A convex spherical mirror has a radius of curvature of 10.0 cm. Calculate the location and size of the image formed of an 8.00-mm-tall object whose distance from the mirror is
(a) 15.0 cm, (b) 10.0 cm, (c) 2.50 cm, and (d) 10.0 m.
To determine the location and size of the image formed by a convex spherical mirror, you can use the mirror formula and magnification formula.
The mirror formula is given by:
1/f = 1/dᵢ + 1/dₒ
where f is the focal length of the mirror, dᵢ is the image distance, and dₒ is the object distance.
The magnification formula is given by:
m = -dᵢ/dₒ
where m is the magnification of the image.
In this case, the radius of curvature (R) of the mirror is given as 10.0 cm.

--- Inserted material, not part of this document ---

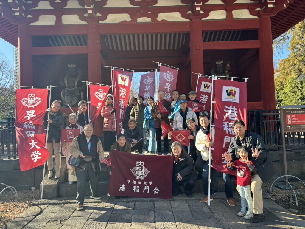 新春1月3日、新年の恒例行事である箱根駅伝応援会・新年会を開催しました。母校を応援しようと20名を超える港稲門会の会員や、早稲田大学の幟旗に誘われた校友たちが増上寺隣の芝公園前に集まりました。

For a convex mirror, the focal length (f) is half the radius of curvature: f = R/2 = 10.0 cm / 2 = 5.0 cm.
Now, let's calculate the location and size of the image for each case:
(a) When the object distance (dₒ) is 15.0 cm:
Using the mirror formula: 1/5.0 = 1/dᵢ + 1/15.0
Simplifying: 3/dᵢ = 1/5.0
Rearranging: dᵢ = 5.0/3 ≈ 1.67 cm
Using the magnification formula: m = -dᵢ/dₒ = -1.67/15.0 ≈ -0.11
Therefore, the image is formed at approximately 1.67 cm from the mirror, and it is about 11% of the size of the object, but inverted.
(b) When the object distance (dₒ) is 10.0 cm:
Using the mirror formula: 1/5.0 = 1/dᵢ + 1/10.0
Simplifying: 2/dᵢ = 1/5.0
Rearranging: dᵢ = 5.0/2 = 2.50 cm
Using the magnification formula: m = -dᵢ/dₒ = -2.50/10.0 = -0.25
Therefore, the image is formed at 2.50 cm from the mirror, and it is 25% of the size of the object, but inverted.
(c) When the object distance (dₒ) is 2.50 cm:
Using the mirror formula: 1/5.0 = 1/dᵢ + 1/2.50
Simplifying: 7.50/dᵢ = 1/5.0
Rearranging: dᵢ = 7.50/5.0 = 1.50 cm
Using the magnification formula: m = -dᵢ/dₒ = -1.50/2.50 = -0.60
Therefore, the image is formed at 1.50 cm from the mirror, and it is 60% of the size of the object, but inverted.
(d) When the object distance (dₒ) is 10.0 m:
Using the mirror formula: 1/5.0 = 1/dᵢ + 1/1000.0
Simplifying: 2000.0/dᵢ = 1/5.0
Rearranging: dᵢ = 2000.0/5.0 = 400.0 cm
Using the magnification formula: m = -dᵢ/dₒ = -400.0/1000.0 = -0.40
Therefore, the image is formed at 400.0 cm (or 4.00 m) from the mirror, and it is 40% of the size of the object, but inverted.